20080617

starbucks iced tea

starbucks has plenty of problems, and it's trendy to piss on the trendy green giant, but since they threw that economics-ignorant "fair trade" coffee on the back burner, i don't have overriding complaints. starbucks management has also backed me in my endless fight with cops over late night WiFi'ng, telling one complaining cop (who called them the next day pursuing a "loitering" charge or whatever his dumb ass could concoct) that as a paying WiFi customer i was welcome to use their parking lot anytime; the signal's always on.

anyway... i write this post to praise something starbucks gets right when many others fail: iced tea.

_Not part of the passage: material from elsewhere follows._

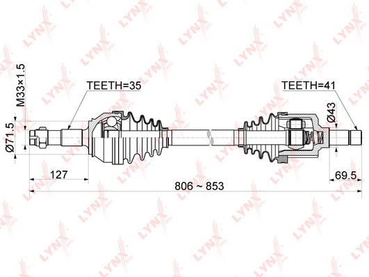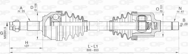 Приводной вал : без кольца ABS

they call it shaken iced tea, and it usually is shaken (nice and bubbly on the top), but the great part from my experience is that it's never rotten. they pour dangerously hot water over tea bags at concentrated strength, keep it at room temperature (no more than 12 hours), and dilute it at delivery time. as i've written before (linked above), it's the brewing temperature that drives the nasties chain. some claim immediate refrigeration and crazy clean sanitation's the thing, but i disagree. IMO, and starbucks's record appears to bear it out, zapping with heat the inevitable bacteria and fungi in tea takes care of it well enough, especially if you're brewing in the storage container. according to the starbucks lady i interviewed (also a tea freak), the official crime syndicate limits restaurant room temp tea storage to 12 hours, but i've routinely done two days and more when brewing properly.

so if you, like me, are sick of rotten restaurant tea, drop by starbucks and see what sort of large iced tea you get for just over two bucks. as i recall, standard sweetener (simple syrup) for a large ("venti") is 6 pumps, so i usually order none or a 1-pump. if you want to try mine say, "venti black iced tea, 1-pump". refills are cheap or free, depending on if you register a starbucks card.

BTW, starbucks has quietly — in some locations noisily — become the largest ambassador of real jazz in the goonited states. they play some damned good, off the wall, stuff. decades ago i said that my ideal radio station would go from one crazy extreme to another, all over the place, with some room for pop music and whatever. starbucks routinely does this, albeit in block form. little too much repetition now and then (e.g., they were pushing sinatra last month), but mostly they are playing things i'm shocked the "partners" tolerate — hours and hours of chunky, sometimes outside, acoustic combo jazz from the old school heavies.